Whose job is it to stop climate change?… an answer in 2 graphs

Here’s the story of where responsibility lies to address the climate crisis in just 2 graphs.

First, let’s look at history.

The world’s richest countries have created more carbon emissions than other countries. The graph below shows the share of cumulative carbon emissions over history by the United States, China, and the United Kingdom, as well as by the countries Traidcraft Exchange works in – India, Bangladesh, Tanzania, and Kenya.

Countries which accrued their wealth in the 1800s and 1900s are responsible for the biggest share of the carbon emitted throughout history. The poorest countries in the world have hardly emitted any carbon.

We’ve chosen only a few countries to make the graph readable. The story is the same if you add other historically rich countries. The graph is a running total throughout history.

A graph showing that the United Kingdom created nearly all of the world’s cumulative carbon dioxide emissions in 1850. By 2017, the United Kingdom had created around 5% of the world’s cumulative emissions. The United States peaked at around 40% of cumulative global emissions in the 1950s and in 2017 was at 25%. Since the 1960s, China has started to create more of the world’s cumulative emissions, at around 12% by 2017. India has created around 3% of the world’s cumulative emissions.

Experiment with the source data for the graph.

What about today? What about trade?

You might be thinking that the UK is now a shining example of what an eco-friendly industrialised country should look like – and that China’s mass production of goods puts them at the other end of the spectrum.

Let’s look at a graph about trade. It points to one of the reasons why China emits a lot more carbon than the UK today.

Rich countries that have outsourced manufacturing import a lot more carbon per person than poorer countries.

A graph showing the carbon emissions imported or exported by several countries. The UK imports a lot more carbon per person than the United States, Kenya, Tanzania, Bangladesh, India, or China. China and India export carbon. Kenya, Tanzania, and Bangladesh export and import nearly the same amount.

Experiment with the source data for this graph.

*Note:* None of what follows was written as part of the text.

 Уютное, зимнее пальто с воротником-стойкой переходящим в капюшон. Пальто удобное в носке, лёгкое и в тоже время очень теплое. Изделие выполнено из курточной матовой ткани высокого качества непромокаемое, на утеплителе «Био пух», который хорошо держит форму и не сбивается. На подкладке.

International trade is just one of the causes of China’s carbon emissions. Other reasons include its enormous domestic market.

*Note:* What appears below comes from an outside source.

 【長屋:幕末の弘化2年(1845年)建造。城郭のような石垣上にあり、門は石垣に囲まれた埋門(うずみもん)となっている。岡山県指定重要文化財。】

For its size, the UK imports a lot of goods where carbon was emitted during production. The UK imported just under half the carbon that the US did, but the UK’s population is a fifth of the USA.

The big question is whether the big importers and big exporters of carbon emissions can work together to reduce emissions.

Can China and other carbon exporters reduce the emissions embedded in the goods they produce and export?

Can the UK and other countries in the global North provide support to countries that are still reliant on carbon intensive processes to make these more sustainable? And can the UK be more honest about the scale of the problem of embedded emissions in products that we import?

One approach the UK could take would be to set a target to reduce imported emissions. The UK already has a target around domestic emissions. Care would be needed to ensure a just transition and not just to cut off poorer countries. The UK should support industrialising countries to make their processes cleaner rather than just refusing to trade with them.

One thing is clear. Extreme weather caused by carbon emissions hits the world’s poorest countries hardest. Those countries need action by the world’s richest countries to reduce the emissions they are responsible for, including emissions embedded in imported goods. The responsibility for change lies with everyone – but the world’s richest countries carry the greatest share.